- Incumbent Rokonuzzaman Rokon since 14 March 2026
- Mymensingh City Corporation
- Style: Honourable (formal)
- Type: Council Leader
- Member of: Mymensingh City Corporation
- Seat: Nagar Bhaban, Mymensingh
- Appointer: Electorate of Mymensingh
- Term length: Five years, renewable
- Constituting instrument: The City Corporation act, 2009
- Inaugural holder: Ekramul Haque Titu
- Formation: 2 April 2018; 8 years ago
- Salary: ৳150000 (US$1,200) per month (incl. allowances)
- Website: mcc.gov.bd

= Mayor of Mymensingh =

The Mayor of Mymensingh is the chief elected executive of the Mymensingh City Corporation.

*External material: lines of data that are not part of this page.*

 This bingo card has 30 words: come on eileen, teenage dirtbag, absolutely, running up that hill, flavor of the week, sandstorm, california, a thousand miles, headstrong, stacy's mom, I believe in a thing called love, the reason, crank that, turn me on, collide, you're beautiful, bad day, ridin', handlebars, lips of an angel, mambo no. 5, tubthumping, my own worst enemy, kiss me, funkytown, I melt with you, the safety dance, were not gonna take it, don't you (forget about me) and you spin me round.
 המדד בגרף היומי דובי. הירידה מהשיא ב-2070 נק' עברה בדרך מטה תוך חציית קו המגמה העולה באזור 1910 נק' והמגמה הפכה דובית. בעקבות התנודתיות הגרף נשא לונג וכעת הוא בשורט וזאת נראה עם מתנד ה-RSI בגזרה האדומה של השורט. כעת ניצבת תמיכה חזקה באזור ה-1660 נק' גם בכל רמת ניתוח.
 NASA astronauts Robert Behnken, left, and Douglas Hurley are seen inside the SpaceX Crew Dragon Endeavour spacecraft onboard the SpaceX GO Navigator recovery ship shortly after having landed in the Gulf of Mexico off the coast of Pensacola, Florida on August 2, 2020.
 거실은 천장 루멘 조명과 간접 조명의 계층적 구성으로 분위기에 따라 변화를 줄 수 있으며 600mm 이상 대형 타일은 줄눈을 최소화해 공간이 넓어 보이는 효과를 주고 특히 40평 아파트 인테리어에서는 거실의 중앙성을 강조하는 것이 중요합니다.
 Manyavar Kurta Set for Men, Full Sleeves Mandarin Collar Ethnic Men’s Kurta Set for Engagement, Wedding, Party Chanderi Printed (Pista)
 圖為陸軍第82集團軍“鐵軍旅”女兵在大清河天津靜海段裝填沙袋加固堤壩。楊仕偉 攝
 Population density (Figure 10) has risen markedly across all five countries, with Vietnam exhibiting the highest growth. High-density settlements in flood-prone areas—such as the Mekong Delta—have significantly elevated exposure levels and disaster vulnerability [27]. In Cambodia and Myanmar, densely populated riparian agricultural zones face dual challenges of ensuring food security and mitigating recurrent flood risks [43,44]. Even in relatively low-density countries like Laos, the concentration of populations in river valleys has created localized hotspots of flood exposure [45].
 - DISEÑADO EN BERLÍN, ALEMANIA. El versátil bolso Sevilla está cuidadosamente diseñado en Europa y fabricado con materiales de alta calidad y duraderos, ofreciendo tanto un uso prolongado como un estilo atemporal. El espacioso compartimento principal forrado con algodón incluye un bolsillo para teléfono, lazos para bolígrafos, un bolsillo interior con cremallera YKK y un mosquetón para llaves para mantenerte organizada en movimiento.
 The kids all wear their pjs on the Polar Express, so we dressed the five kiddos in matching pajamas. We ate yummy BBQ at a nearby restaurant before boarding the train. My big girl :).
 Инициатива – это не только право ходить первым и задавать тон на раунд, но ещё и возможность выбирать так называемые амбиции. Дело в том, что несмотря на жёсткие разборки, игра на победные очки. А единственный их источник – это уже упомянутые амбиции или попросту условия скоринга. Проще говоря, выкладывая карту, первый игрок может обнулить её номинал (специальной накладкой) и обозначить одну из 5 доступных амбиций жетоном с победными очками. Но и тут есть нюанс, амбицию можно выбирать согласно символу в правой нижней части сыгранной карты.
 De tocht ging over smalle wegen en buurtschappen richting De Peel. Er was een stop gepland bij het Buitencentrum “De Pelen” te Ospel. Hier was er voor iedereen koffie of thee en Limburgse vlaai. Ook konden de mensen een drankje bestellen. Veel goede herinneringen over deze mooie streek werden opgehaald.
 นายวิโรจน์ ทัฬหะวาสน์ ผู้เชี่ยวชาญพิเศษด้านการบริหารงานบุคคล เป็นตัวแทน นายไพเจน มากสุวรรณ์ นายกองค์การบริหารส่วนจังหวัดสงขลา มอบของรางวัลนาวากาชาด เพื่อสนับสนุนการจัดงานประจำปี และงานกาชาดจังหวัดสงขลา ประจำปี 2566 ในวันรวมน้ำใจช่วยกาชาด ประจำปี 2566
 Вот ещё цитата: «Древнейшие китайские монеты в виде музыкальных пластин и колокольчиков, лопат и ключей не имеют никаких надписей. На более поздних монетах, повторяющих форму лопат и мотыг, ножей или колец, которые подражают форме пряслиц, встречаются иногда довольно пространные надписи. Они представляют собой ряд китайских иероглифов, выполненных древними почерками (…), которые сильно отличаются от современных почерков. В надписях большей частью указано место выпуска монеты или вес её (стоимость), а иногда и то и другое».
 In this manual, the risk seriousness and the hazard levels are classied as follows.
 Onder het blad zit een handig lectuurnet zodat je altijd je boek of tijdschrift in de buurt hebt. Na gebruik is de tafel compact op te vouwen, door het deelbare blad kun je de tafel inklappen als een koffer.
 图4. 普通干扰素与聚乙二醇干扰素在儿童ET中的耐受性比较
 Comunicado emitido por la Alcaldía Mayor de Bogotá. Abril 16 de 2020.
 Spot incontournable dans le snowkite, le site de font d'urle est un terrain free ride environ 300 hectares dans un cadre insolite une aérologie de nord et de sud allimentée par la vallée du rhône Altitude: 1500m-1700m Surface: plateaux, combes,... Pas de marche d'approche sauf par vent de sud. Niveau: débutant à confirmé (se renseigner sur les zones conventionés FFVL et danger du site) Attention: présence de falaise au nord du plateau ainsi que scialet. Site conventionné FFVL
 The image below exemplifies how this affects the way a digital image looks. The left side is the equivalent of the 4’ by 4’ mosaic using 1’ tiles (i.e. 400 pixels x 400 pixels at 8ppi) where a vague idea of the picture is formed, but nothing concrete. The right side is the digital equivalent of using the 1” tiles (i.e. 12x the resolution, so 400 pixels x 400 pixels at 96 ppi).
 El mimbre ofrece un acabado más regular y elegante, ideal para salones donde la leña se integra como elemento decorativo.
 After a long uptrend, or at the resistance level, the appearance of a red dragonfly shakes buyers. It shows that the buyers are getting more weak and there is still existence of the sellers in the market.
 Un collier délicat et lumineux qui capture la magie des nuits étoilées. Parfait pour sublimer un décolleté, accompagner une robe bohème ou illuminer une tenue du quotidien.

The Mayor's office oversees civic services, manages public properties, and coordinates the functions of various government agencies within the city. In addition, the Mayor is responsible for enforcing city corporation regulations and state laws, thereby ensuring good governance and the sustainable development of Mymensingh.

The Mayor's office is located in Nagar Bhaban; it has jurisdiction over all 33 wards of Mymensingh City.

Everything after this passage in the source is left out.